An original design drawing for the Concorde aircraft will be among the lots on offer when Bonhams returns to the RAF Museum in Hendon for its annual sale on Monday 29 April.
The 135cm x 76cm graphite on design paper technical sketch Definition Of Compartment Boundaries, Ventilation & Drainage, No D73.5050, dated 10 September 1968 and signed by test pilot Brian Trubshaw, is estimated to realise between £1,000 and £1,500.
When the Concorde prototype 001 first took to the skies in Toulouse on 2 March 1969, it represented the achievement of the best part of a decade of collaboration between the British and French aircraft industries. The thousands of design drawings generated from that partnership were the last such to be produced entirely by human hand, without computerisation, for a leading aircraft project.
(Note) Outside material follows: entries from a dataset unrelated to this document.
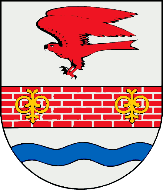 Coat of arms of the municipality Tinningstedt in Schleswig-Holstein, Germany.
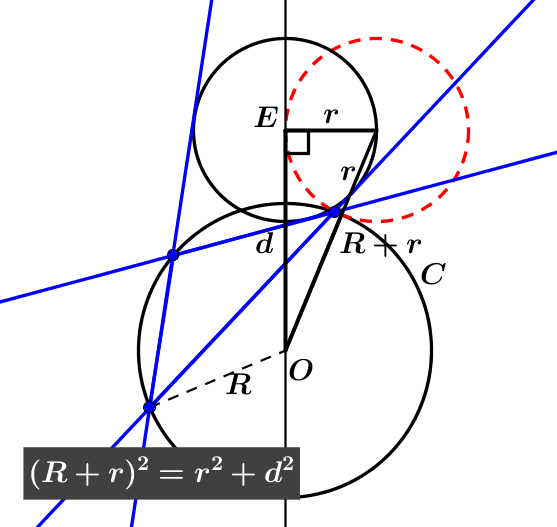 A lemma for Euler's theorem in geometry.
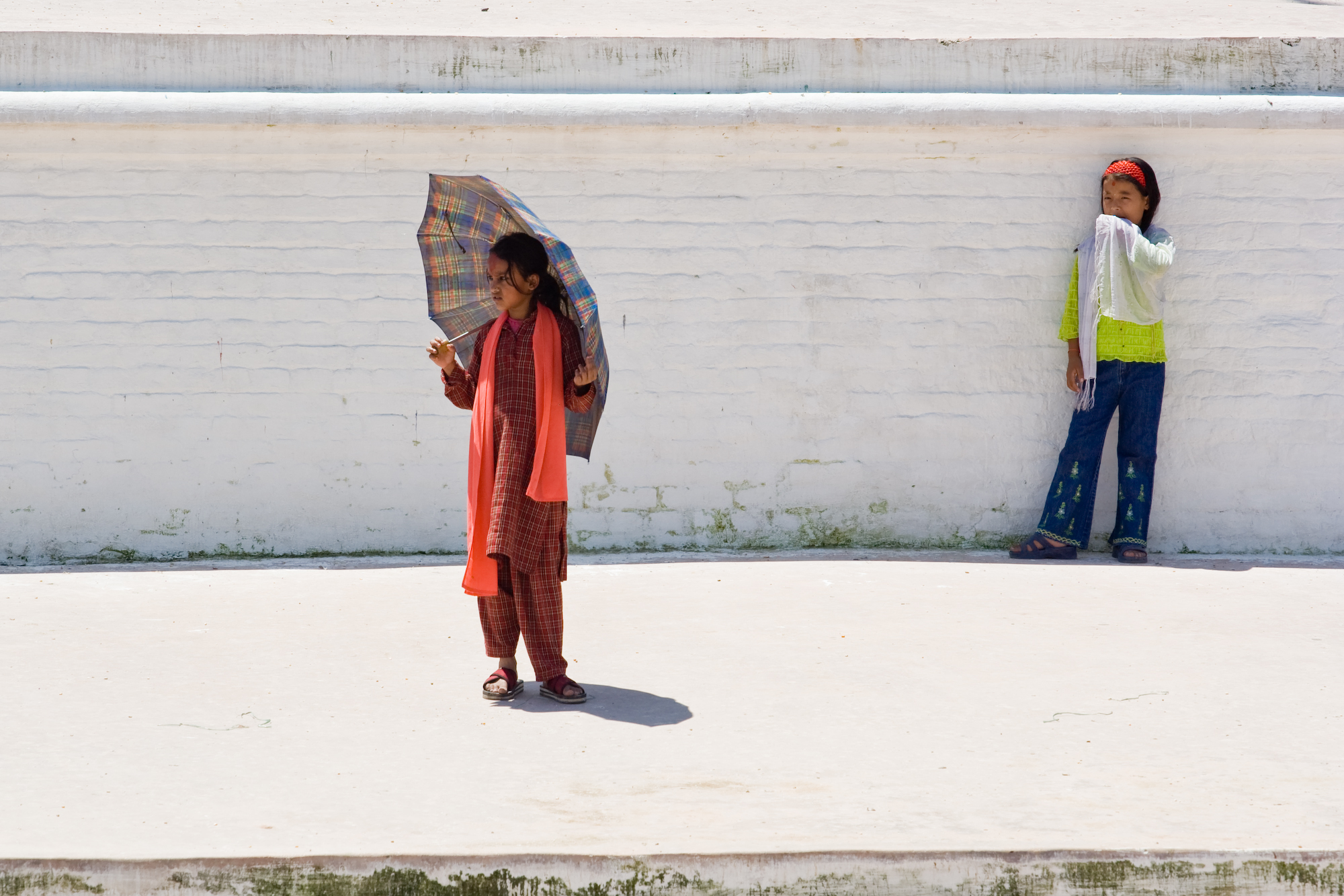 Two girls seeking shadow on Bodnath Temple. Bodnath is one of the holiest Buddhist sites in the area of Kathmandu, Nepal.
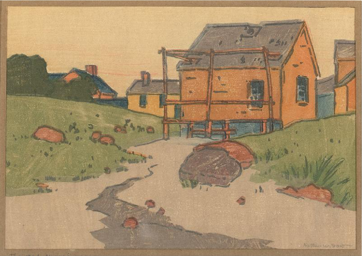 The clam house (Acton & Goddu 2)
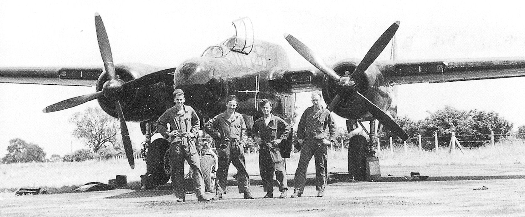 425th Night Fighter Squadron Coulommiers ALG France
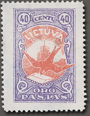 Lithuanian Air Post stamp Mi#244 (ERROR! pašPas) Issue date: May 22, 1926
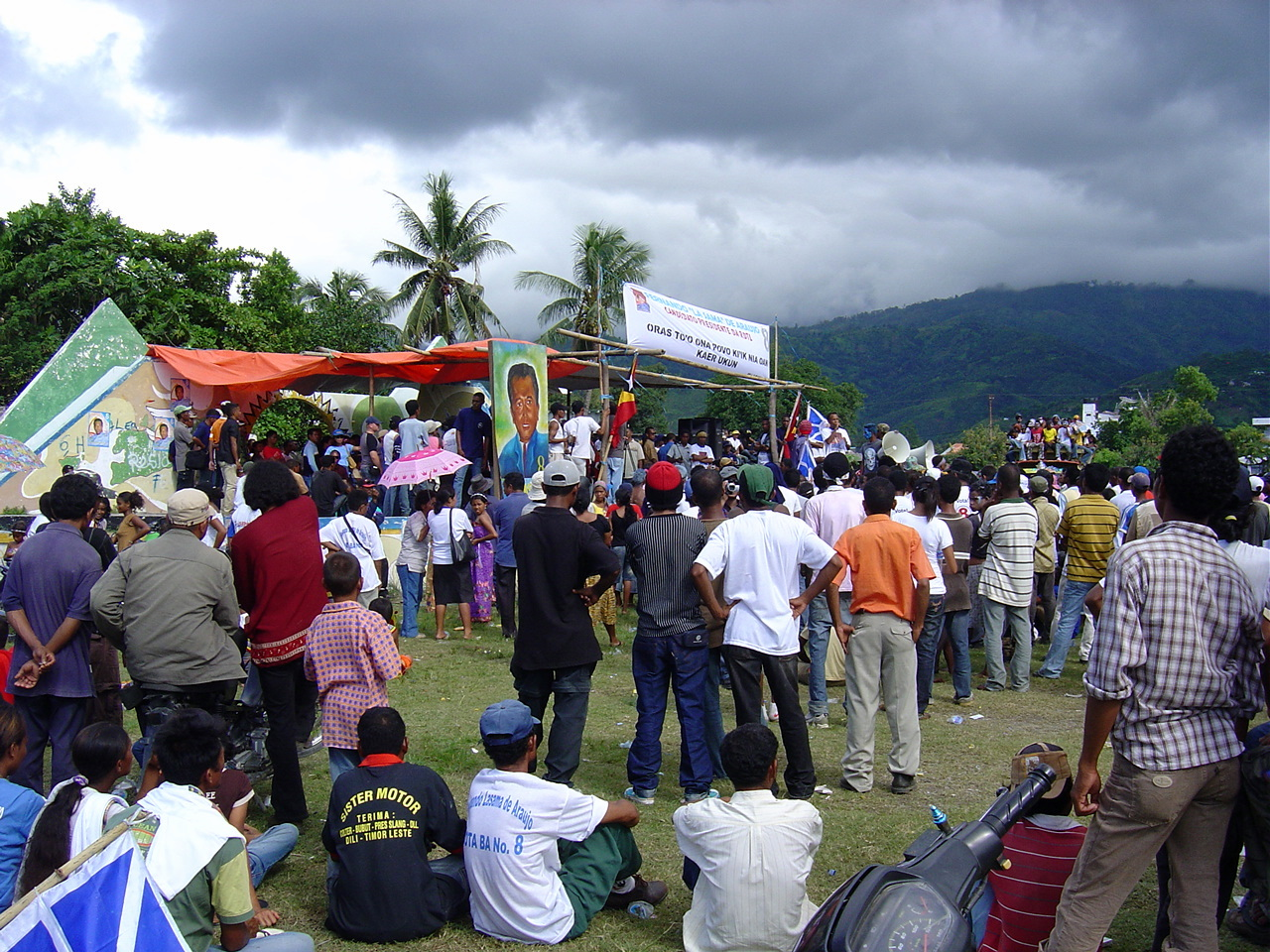 Campaign of Fernando de Araújo, presidential election 2007

This year marks the tenth anniversary of Concorde’s final flight, on 24 October 2003. Among related lots on offer at the auction is the very front point of a Concorde nosecone, which is estimated to realise between £2,000 and £3,000.
The Bonhams auction of Collectors’ Motor Cars and Automobilia will feature some 61 lots of aviation art and aeronautica, including more than twenty original aviation paintings – the majority of which are offered at no reserve – a number of signed and limited-edition prints, and an aviation library.
Particular highlights include the oil-on-canvas ‘Over Beachy Head’ by Michael Turner PFGAvA, which depicts two Hurricanes from 605 Squadron engaging a Junkers 88 over Beachy Head on 28 September 1940 during the Battle of Britain.
Other lots of aeronautica on offer at the sale include an RAF sector clock and a silver presentation plaque ‘The London Aerodrome Trophy’, presented to Cheridah de Beavoir Stocks as a souvenir of her flight on Ladies Day, 6 July 1912. Mrs de Beavoir Stocks (1887-1971) was only the second British woman to gain a Royal Aero Club aviator’s licence, passing her test at Hendon in 1911 using a Farman biplane.